EXTRACTED RECORDS:

'''

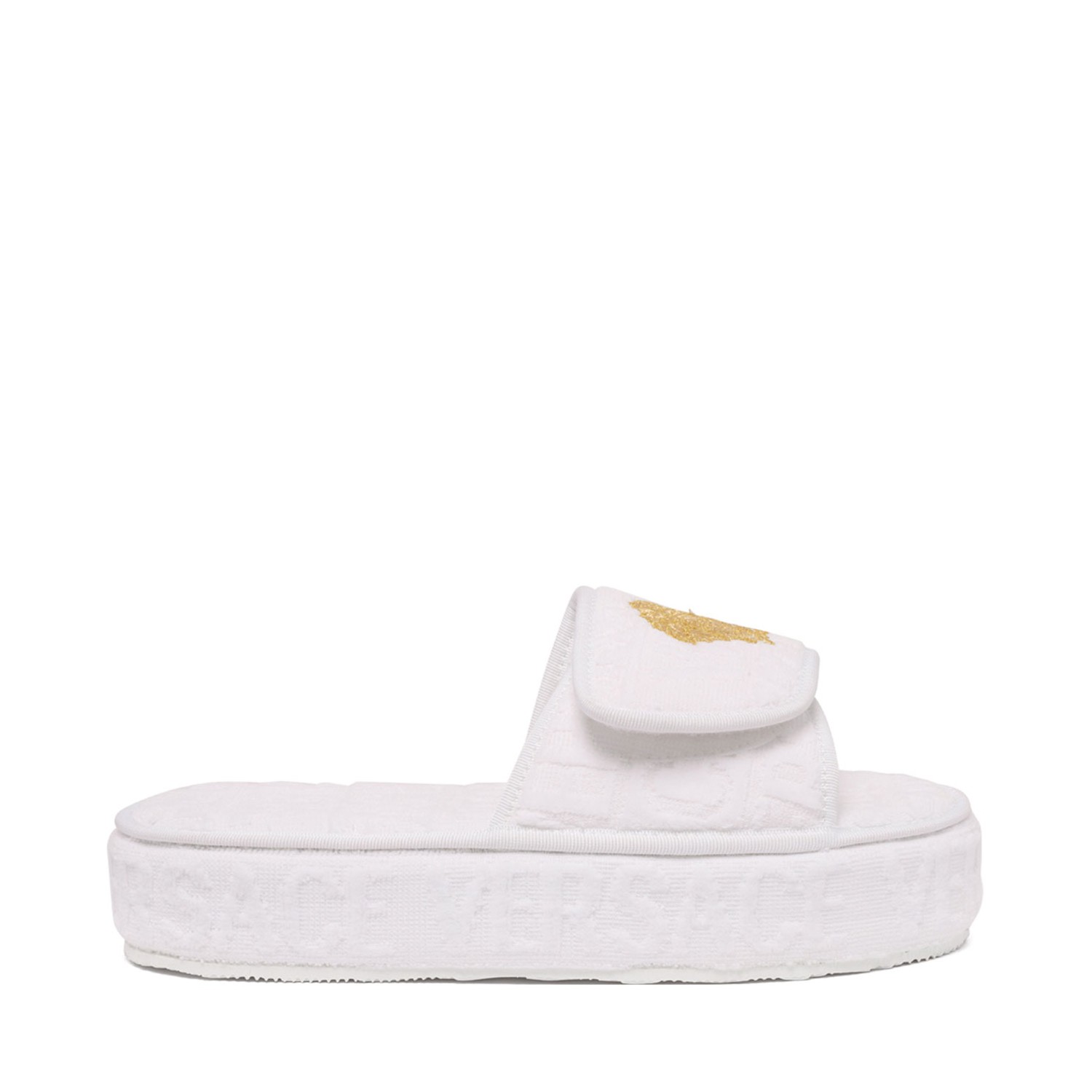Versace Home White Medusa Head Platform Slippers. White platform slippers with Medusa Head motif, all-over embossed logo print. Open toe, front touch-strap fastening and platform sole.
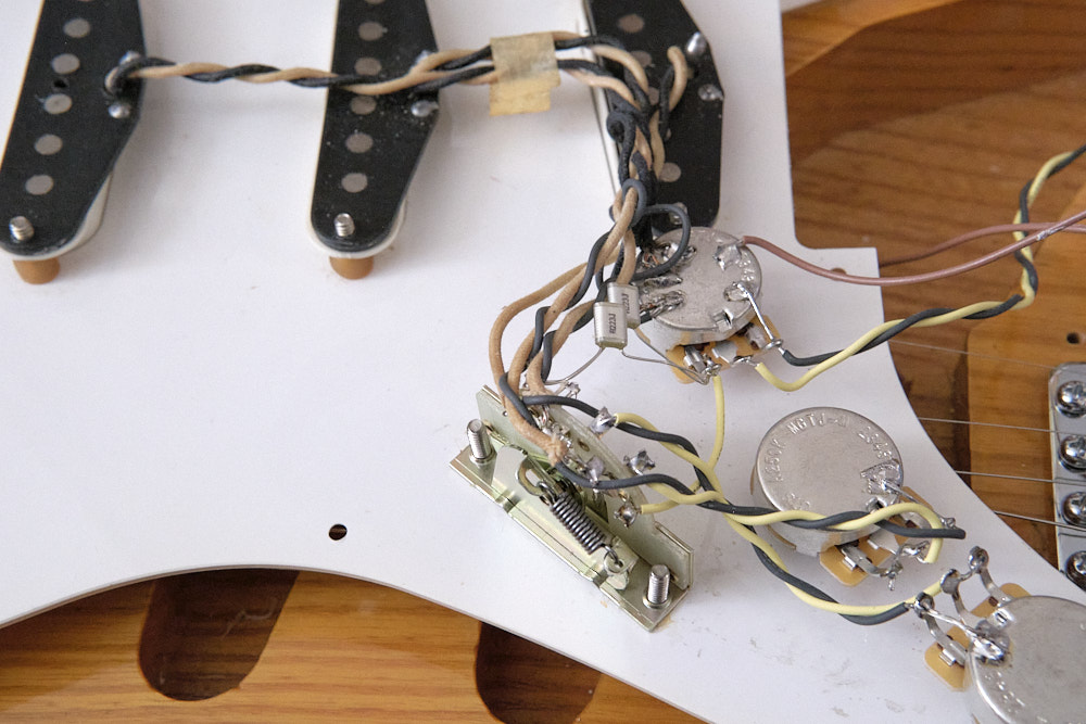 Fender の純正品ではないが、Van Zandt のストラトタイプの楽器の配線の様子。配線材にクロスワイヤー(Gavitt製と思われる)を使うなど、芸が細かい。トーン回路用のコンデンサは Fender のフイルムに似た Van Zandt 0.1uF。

'''
'''

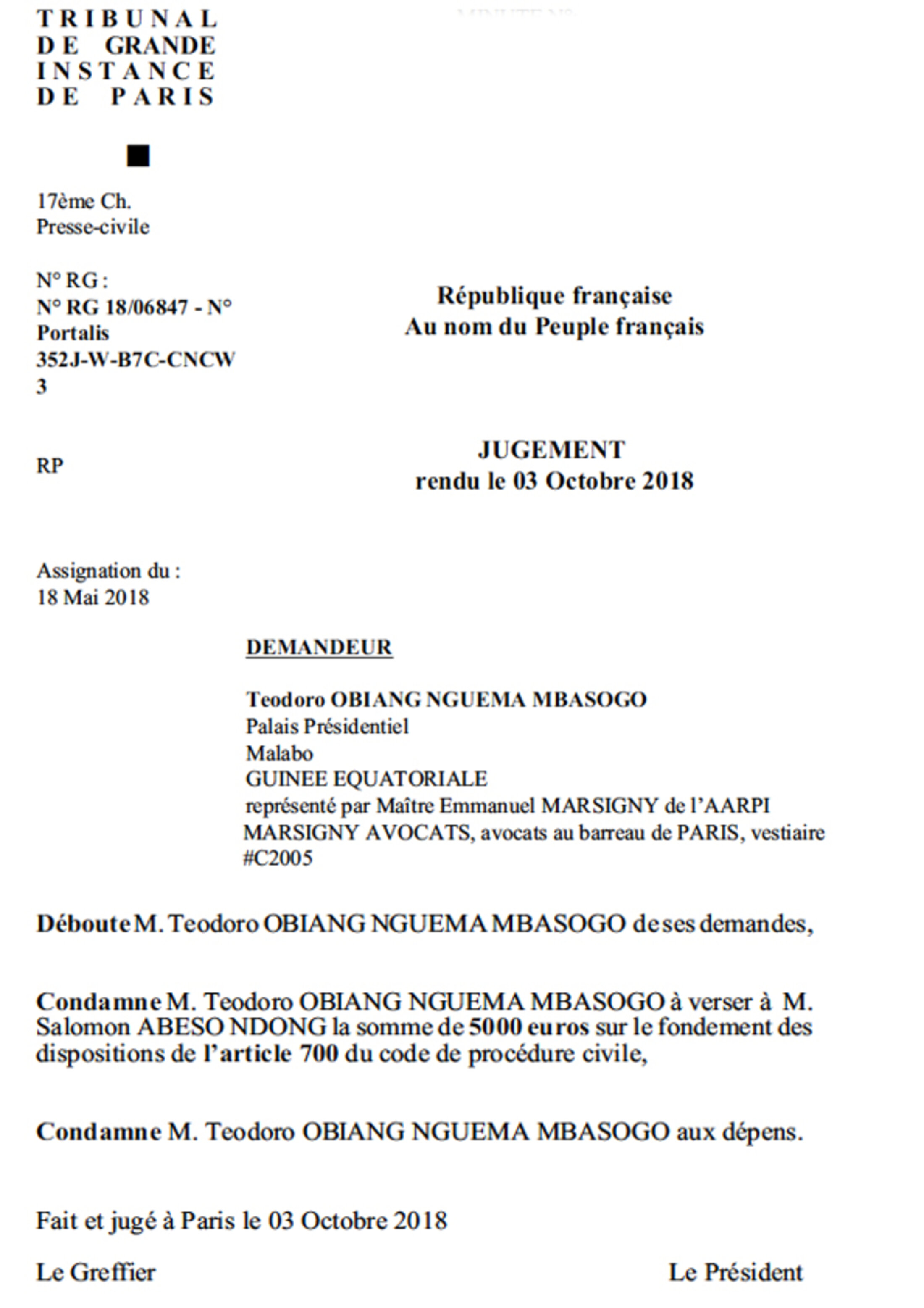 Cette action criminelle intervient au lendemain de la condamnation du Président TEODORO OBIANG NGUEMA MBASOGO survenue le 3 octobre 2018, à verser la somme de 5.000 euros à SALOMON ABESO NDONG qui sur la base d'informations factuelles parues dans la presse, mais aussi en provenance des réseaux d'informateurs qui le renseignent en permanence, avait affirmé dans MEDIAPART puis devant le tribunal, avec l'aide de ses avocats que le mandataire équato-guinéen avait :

'''
'''

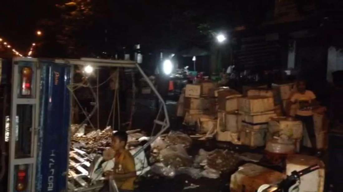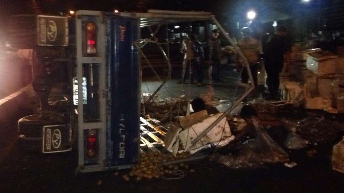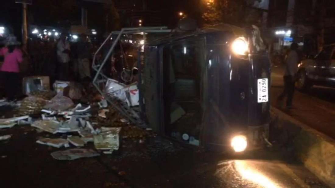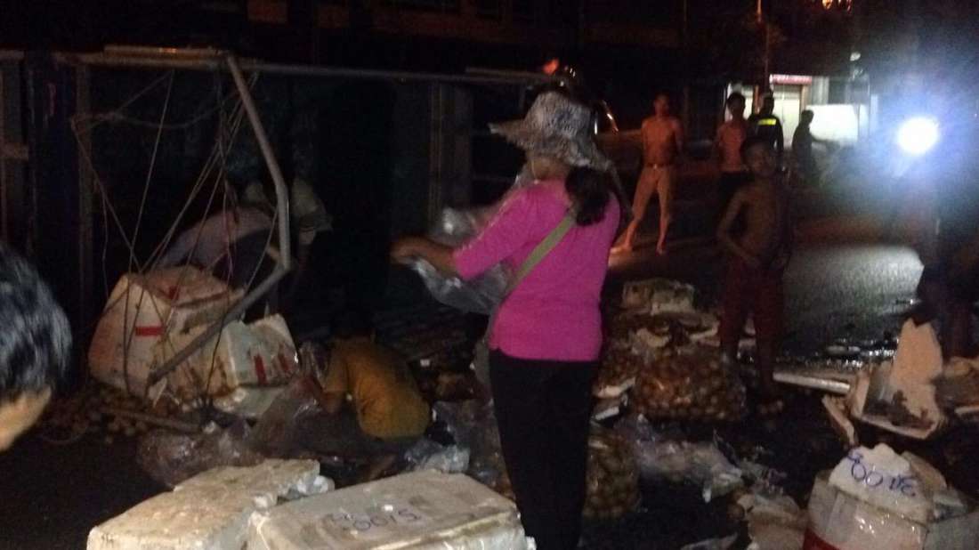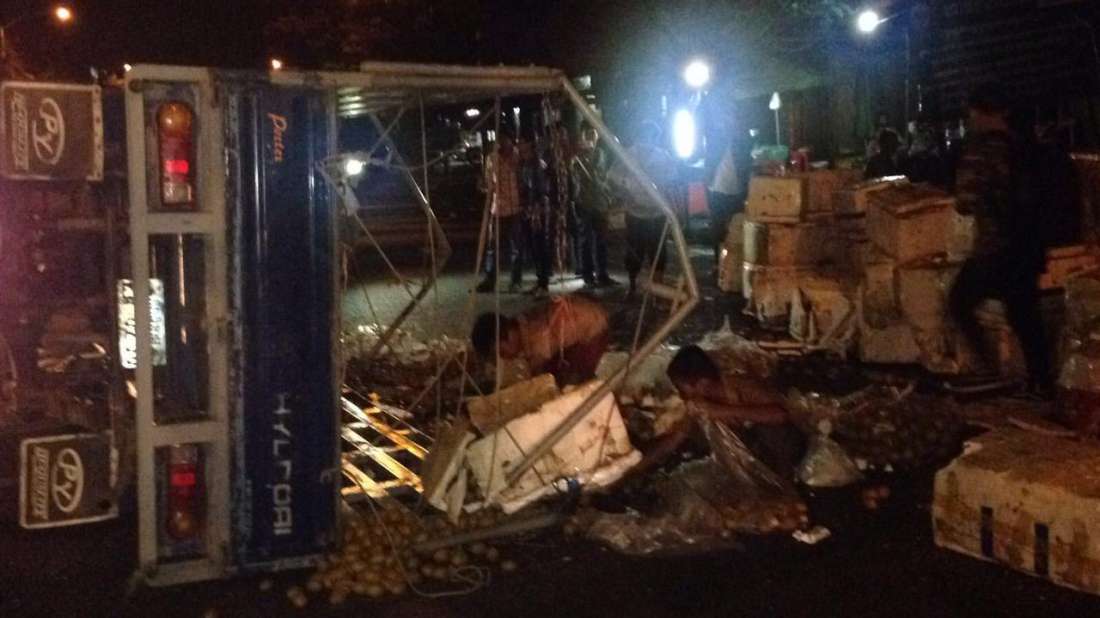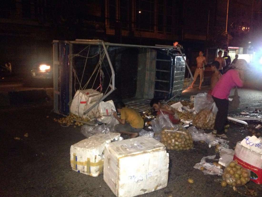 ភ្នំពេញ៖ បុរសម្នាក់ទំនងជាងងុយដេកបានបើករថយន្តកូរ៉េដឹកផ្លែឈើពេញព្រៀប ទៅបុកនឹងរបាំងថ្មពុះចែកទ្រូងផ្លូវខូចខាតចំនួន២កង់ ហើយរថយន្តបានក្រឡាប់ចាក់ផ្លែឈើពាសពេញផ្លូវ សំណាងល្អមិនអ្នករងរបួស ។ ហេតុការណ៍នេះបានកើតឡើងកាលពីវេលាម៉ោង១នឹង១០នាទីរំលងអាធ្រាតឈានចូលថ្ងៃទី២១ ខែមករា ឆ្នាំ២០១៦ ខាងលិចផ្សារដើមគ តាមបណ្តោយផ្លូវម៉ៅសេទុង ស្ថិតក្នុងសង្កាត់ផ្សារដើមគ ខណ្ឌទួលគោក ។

'''

EXERCISE: Transcribe the listing above exactly, but only from the line with "Versace Home White" through the line with "Fender の純正品ではないが、Van Zandt". Include both of those lines and omit the pictures.

RESULT OF THE TASK:
Versace Home White Medusa Head Platform Slippers. White platform slippers with Medusa Head motif, all-over embossed logo print. Open toe, front touch-strap fastening and platform sole.
 Fender の純正品ではないが、Van Zandt のストラトタイプの楽器の配線の様子。配線材にクロスワイヤー(Gavitt製と思われる)を使うなど、芸が細かい。トーン回路用のコンデンサは Fender のフイルムに似た Van Zandt 0.1uF。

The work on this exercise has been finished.